Action item.
Restate word for word the lines below from the one that has "4、在选择图片页面【选择图片】后点击【确定】,即可将照片加入私密相册。" through the one that has "Martedì 29 aprile", keeping both and dropping all pictures.
[[ Available data, beginning ]]
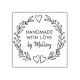 Handmade with love rubber stamp, personalized with your name or business name. This cute design has a doodle hand-drawn wreath with hearts and foliage. It is lettered with modern typography and handwritten brush script. A sweet country rustic style design for artisans of handmade gifts and retail products.
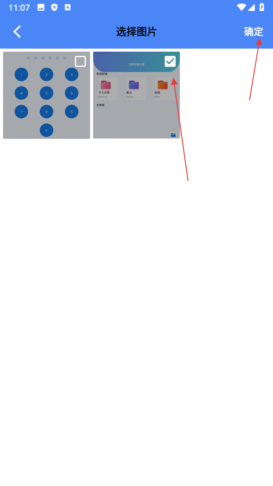 4、在选择图片页面【选择图片】后点击【确定】,即可将照片加入私密相册。
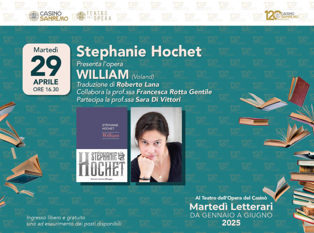 Martedì 29 aprile ore 16.30 nell’ambito dei Martedì Letterari del Casinò di Sanremo, curati da Marzia Taruffi, la scrittrice Stephanie Hochet presenta l’opera: “William” (Voland) Traduzione di Roberto Lana. Collabora la prof.ssa Francesca Rotta Gentile. Partecipa la prof.ssa Sara Di Vittori. Ingresso libero sino ad esaurimento dei posti disponibili.
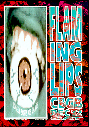 Most of the summer of ’92 the Lips were off, but Hit to Death was finally released on August 11th and they celebrated with a show that night at Oklahoma City’s Rock City Cafe. It wasn’t until October 13th though that the tour in support of the album truly began: with the Peel session that day followed by two London shows the following night and then two-mini-legs of a fall tour revolving around the Philadelphia/ New York region (in late October/ early November from Philly to Boulder, mostly opening for Throwing Muses; and on their own in late November/ early December back through the North East, ending with their sole documented show at CBGBs).
[[ Available data, end ]]
Exercise solution.
 4、在选择图片页面【选择图片】后点击【确定】,即可将照片加入私密相册。
 Martedì 29 aprile ore 16.30 nell’ambito dei Martedì Letterari del Casinò di Sanremo, curati da Marzia Taruffi, la scrittrice Stephanie Hochet presenta l’opera: “William” (Voland) Traduzione di Roberto Lana. Collabora la prof.ssa Francesca Rotta Gentile. Partecipa la prof.ssa Sara Di Vittori. Ingresso libero sino ad esaurimento dei posti disponibili.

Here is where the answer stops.